Restoring to Larger Hard Drives

The following procedure can be used to restore a smaller hard drive to a larger hard drive; you simply end up with a large unused section at the end of the drive. You can then extend or reorganize your partitions to use the extra space inside the Knoppix environment. QTParted is available in Knoppix, and it works a lot like the well-known Partition Magic, automatically expanding and contracting partitions and filesystems as needed. At writing, QTParted does not support NTFS, so you need to expand any NTFS partitions manually. (You still need to do it inside Knoppix because you cannot expand a drive in Windows if it contains the swap file.) It's relatively simple, though.

This procedure works only if the partition you need to expand is the last (or only) partition on the hard drive. If there are any partitions after it, you will need to use a commercial solution such as Partition Magic (that is, until QTParted fully supports NTFS).

Use fdisk on the Knoppix CD to access the partition table on the new hard drive. Display the current partition table using the P key. Take note of the starting and ending cylinders of the partition you plan to extend, whether or not it is bootable, and the partition type. Also take note of the total number of cylinders in this hard drive and whether there are any partitions after the one you want to expand. If the partition you want to expand is not the last partition on the drive, you cannot use this procedure.

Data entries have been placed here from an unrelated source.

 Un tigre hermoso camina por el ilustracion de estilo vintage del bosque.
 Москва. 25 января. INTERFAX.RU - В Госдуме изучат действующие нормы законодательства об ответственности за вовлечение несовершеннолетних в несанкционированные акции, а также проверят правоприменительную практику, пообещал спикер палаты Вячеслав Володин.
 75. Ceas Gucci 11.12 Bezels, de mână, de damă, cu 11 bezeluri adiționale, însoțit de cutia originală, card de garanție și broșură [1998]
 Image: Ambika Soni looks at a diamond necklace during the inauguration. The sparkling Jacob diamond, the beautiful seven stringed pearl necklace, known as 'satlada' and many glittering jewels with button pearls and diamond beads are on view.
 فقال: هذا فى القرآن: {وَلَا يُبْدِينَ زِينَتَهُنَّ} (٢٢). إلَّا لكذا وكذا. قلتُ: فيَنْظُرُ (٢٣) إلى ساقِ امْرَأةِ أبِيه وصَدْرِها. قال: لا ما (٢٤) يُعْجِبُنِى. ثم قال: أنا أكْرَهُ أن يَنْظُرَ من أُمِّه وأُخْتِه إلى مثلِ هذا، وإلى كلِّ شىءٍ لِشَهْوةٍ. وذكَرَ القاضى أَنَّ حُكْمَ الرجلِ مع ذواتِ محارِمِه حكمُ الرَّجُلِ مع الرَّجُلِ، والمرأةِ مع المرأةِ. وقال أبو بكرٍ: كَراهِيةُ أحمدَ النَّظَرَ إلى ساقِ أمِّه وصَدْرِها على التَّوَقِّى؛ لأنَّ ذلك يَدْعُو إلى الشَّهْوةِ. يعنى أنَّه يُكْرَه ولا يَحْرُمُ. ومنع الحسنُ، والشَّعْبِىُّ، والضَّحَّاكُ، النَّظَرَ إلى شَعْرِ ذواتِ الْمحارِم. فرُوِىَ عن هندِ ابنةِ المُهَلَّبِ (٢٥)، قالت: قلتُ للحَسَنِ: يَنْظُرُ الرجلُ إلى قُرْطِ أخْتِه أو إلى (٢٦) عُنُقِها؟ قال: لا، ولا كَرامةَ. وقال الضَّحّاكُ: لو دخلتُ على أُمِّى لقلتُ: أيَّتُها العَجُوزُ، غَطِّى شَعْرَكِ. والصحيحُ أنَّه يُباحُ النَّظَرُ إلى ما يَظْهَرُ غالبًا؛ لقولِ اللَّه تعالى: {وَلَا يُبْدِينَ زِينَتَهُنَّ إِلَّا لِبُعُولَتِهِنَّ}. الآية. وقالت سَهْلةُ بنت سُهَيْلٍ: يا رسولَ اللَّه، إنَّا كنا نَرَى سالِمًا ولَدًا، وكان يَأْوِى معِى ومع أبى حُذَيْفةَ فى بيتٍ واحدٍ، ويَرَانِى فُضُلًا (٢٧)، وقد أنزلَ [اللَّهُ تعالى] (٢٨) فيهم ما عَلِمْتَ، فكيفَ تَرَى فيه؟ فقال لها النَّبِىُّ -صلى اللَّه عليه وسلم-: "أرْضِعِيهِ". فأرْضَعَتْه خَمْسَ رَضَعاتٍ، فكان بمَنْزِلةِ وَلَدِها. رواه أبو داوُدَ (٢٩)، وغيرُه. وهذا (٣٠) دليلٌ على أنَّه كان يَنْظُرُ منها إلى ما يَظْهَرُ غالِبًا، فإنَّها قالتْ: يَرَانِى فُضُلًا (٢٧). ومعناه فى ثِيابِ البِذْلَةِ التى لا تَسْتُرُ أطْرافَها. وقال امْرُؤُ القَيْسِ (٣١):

Delete the partition you plan to expand using the D key.

Use the N key to create a new partition starting with the same starting cylinder as the original cylinder and ending with the last cylinder on the drive, which you noted in Step 1.

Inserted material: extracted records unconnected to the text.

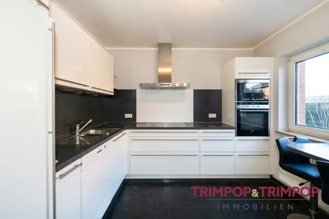 KOCHEN: Die Küche ist klassisch ausgestattet und hat alles, was Sie brauchen. Einen Herd mit Induktionskochfeld und Backofen, inkl. Dunstabzugshaube, einen Kühlschrank und eine Spülmaschine.
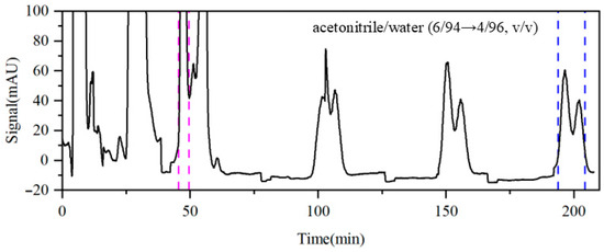 Taking into account the influence of key parameters, including the eluent composition, elution mode, and modifier flow rate on the impurity purification efficiency, solvent consumption, and separation time, Run 4 was identified to offer the optimal separation conditions. Specifically, the initial eluent composition was acetonitrile/water (6:94, v/v), with impurity A (the most readily separable) collected during the second switching cycle. Starting from the third cycle, the eluent was adjusted to acetonitrile/water (4:96, v/v), and the flow rates of the eluent and the modifier (pure water) were set at 5 mL·min−1 and 1 mL·min−1, respectively. The obtained purities of impurities A, B, and C were 97.82%, 91.54%, and 81.56%, respectively. As shown in Figure 9, where the injection volume is 10 μL, the signal peaks for impurities A, B, and C are approximately 423 mAU, 104 mAU, and 53 mAU, respectively. In comparison, the corresponding peaks in Figure 2 (injection volume 1 μL) are all below 10 mAU. This result clearly demonstrates that a significant enrichment of the target impurities was achieved during the recycling process. The final concentrations of impurities A, B, and C in the final collected fractions were increased by 5.6-, 3.2-, and 5.8-fold, respectively, compared to their initial concentrations in the raw material.
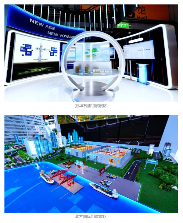振華石油以“一滴油的故事”串聯起從勘探開采到貿易服務的全產業鏈,揭示油氣勘探的地球密碼。北方礦業以《千里江山圖》為靈感,將綠色發展理念融入礦業開發,呈現“綠水青山就是金山銀山”的現代礦業新圖景。北方國際通過創新性的5D穹幕電影、UI互動屏幕、2.5D墻上沙盤等手段,帶領觀眾全景感知電力、礦產、交通等領域一體化建設的豐碩成果。奧信公司以一體化服務模型,凸顯全流程自主可控的核心優勢。
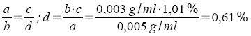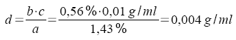 Mit dem errechneten Wert d ergibt sich die gesuchte Dichte x zu 1,07 g/ml - 0,004 g/ml = 1,066 g/ml.
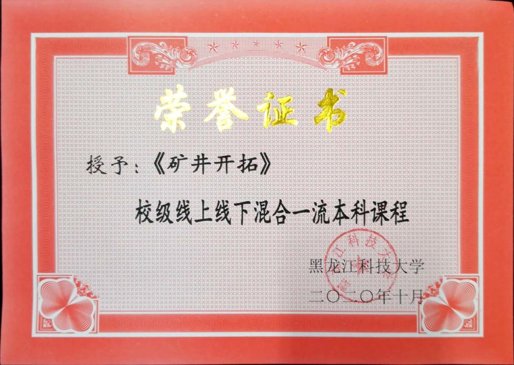 2020年10月,黑龙江科技大学矿业工程学院陈海波老师负责的《矿井开拓》获批校级线上线下混合一流本科课程

If the partition in question was bootable, you'll need to make it bootable again. Do this by pressing the A key and entering the number of the partition in question.

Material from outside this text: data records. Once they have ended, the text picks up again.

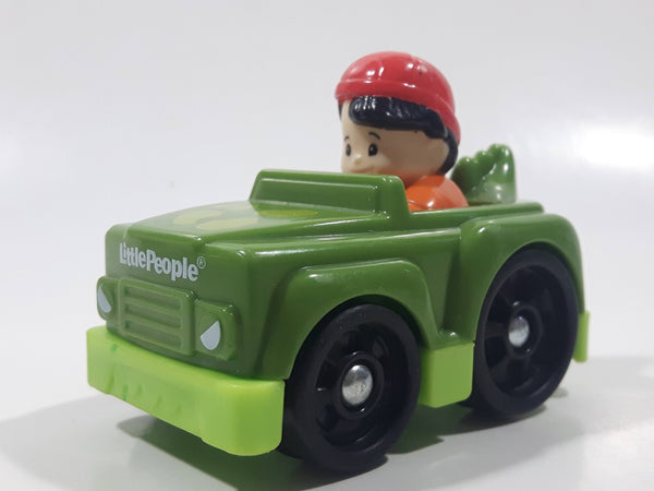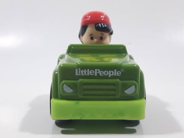 2013 Mattel Fisher Price Little People Wheelies Black Hair Red Cap Boy Orange Clothes Green Gator Plastic Toy Car Vehicle
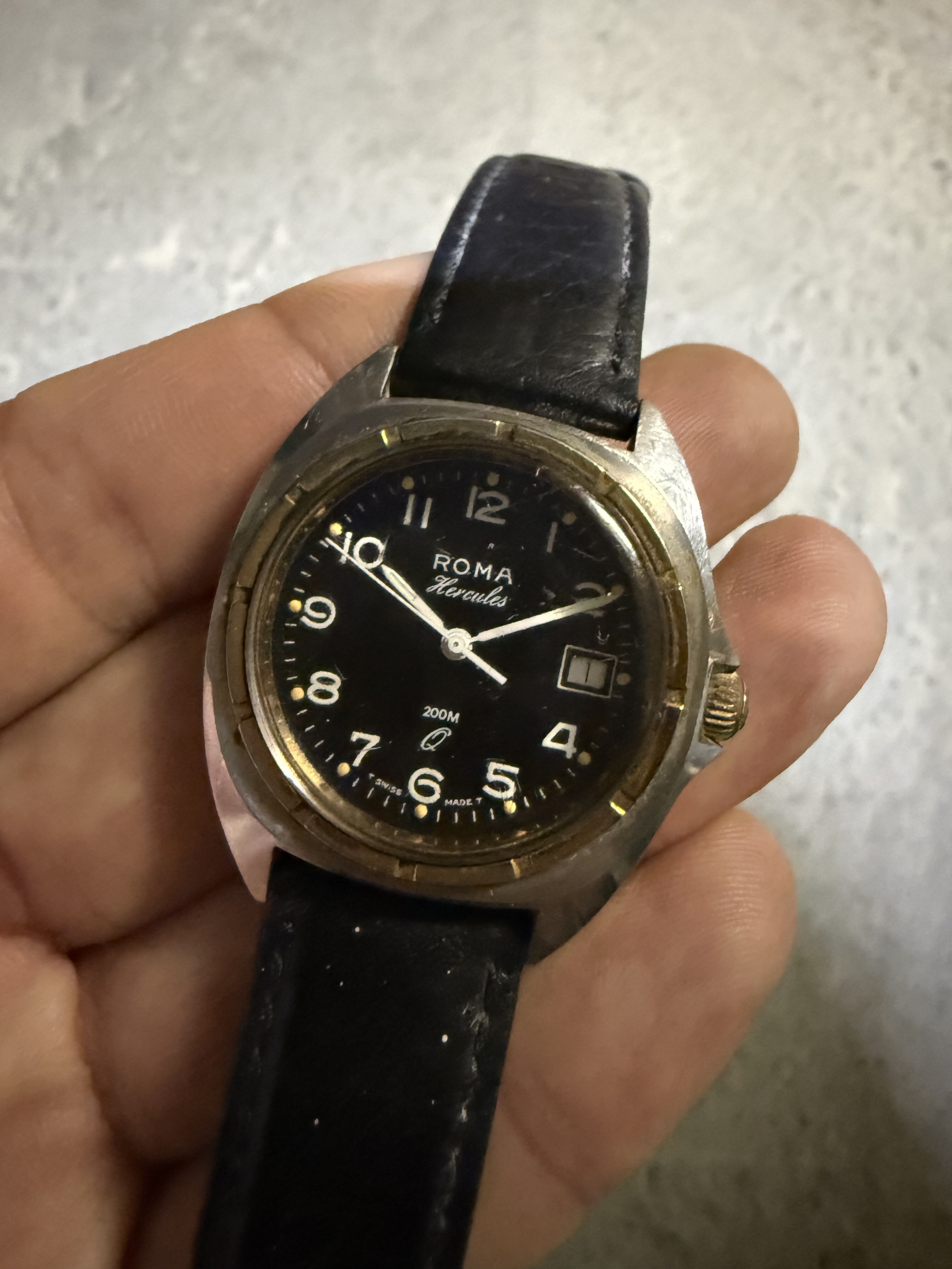 Dit is een Roma Hercules. Er staat 200m op de wijzerplaat geen idee hoe accuraat die bewering was in die tijd… De Hercules heeft heel wat “karakter”. Mijn grootvader was werkzaam in de bouwsector dus vermoedelijk was dit zijn werkhorloge.
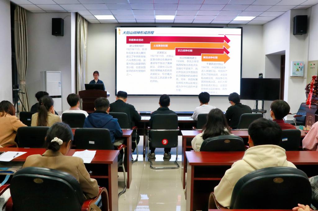 为弘扬大别山红廉文化,强化价值引领,在前期各团支部开展人人讲价值观故事的基础上,10月29日,m88 app在综合实验楼206会议室举行大别山红廉文化育人专项活动暨讲价值观故事大赛,m88 app党委副书记王凯、团委负责人冯舒心以及各团支部员工代表参加活动。
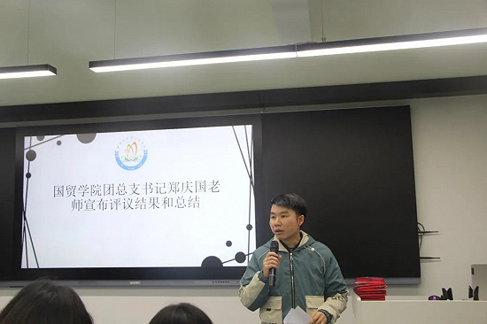 最后,由國貿(mào)學院團總支書記鄭慶國老師進行大會總結。首先,祝賀受表彰的同學在2020年交上了一份滿意的答卷。其次,鄭慶國老師對本學期為國貿(mào)學院團總支學生會工作付出辛勤工作的各部門負責人和實習生表示衷心的感謝和誠摯的問候。同時,鄭慶國老師還提醒學團總支學生會所有成員要牢記八字精神,始終服務于同學。并對團總支學生會提出三點希望:希望團總支學生會全體成員在接下來能更加全力以赴的開展各項團學工作;希望團總支學生會全體成員在工作中要互相配合、互相學習、取長補短、樹立榜樣;希望團總支學生會全體成員在下學期用實際行動再續(xù)輝煌,為我院爭光添彩。

You also need to set the partition type using the T key followed by the L key to list the partition types, and locate the hex code for the partition type you saw in Step 1. Specify the partition type using its hex code.

If you're sure you did all those steps correctly, write the partition table using the W key and exit fdisk. (If you're not sure, you can quit fdisk at this point without doing any damage.)

Run the ntfsresize command against the partition (for example, ntfsresize/dev/hda1). If you confirm you want it to do so, it will automatically grow the NTFS partition to the end of the drive. You're done!

11.2.5. Step 5: Partition and Format the New Root Drive

The steps in the previous section restore both the MBR and the partition table, so there's no need to repartition the drive. All the partitions will already be created for you.

If you're using the live or alt-boot filesystem methods, you can also restore from a smaller drive to a larger drive. Additionally, you can rearrange partitions as you see fit.

11.2.5.1. Linux, FreeBSD, and Solaris X86

If you're using either the live or alt-boot filesystem methods, you now need to create filesystems on the drive using the mkfs command. You need the backed up fstab file to know which filesystem types each partition is supposed to have.

If you're using the alt-boot full image or alt-boot partition image methods, you don't need to worry about formatting the drive; it happens automatically when you restore from the image.

11.2.5.2. Windows

If you're using the alt-boot full image or alt-boot partition image methods, you don't need to worry about formatting the drive; it happens automatically when you restore from the image. If you're using the alt-boot filesystem method, the drive is automatically formatted when you restore using ntfsclone.

11.2.6. Step 6: Restore the OS to the New Root Drive

First, you must have access to the backed-up data. Our examples use an NFS directory. You may have to do one of the following:

Mount a ZIP or Jaz drive as a filesystem.
Install a second hard drive of equal or greater size.
Load network and NFS drivers, configure your network interface, and mount an NFS filesystem.
Load network and SMB/CIFS drivers, configure your network interface, and mount an SMB/CIFS filesystem.

Our example backups were sent to an NFS filesystem. The drivers and tools that were needed to do this are all available on Knoppix.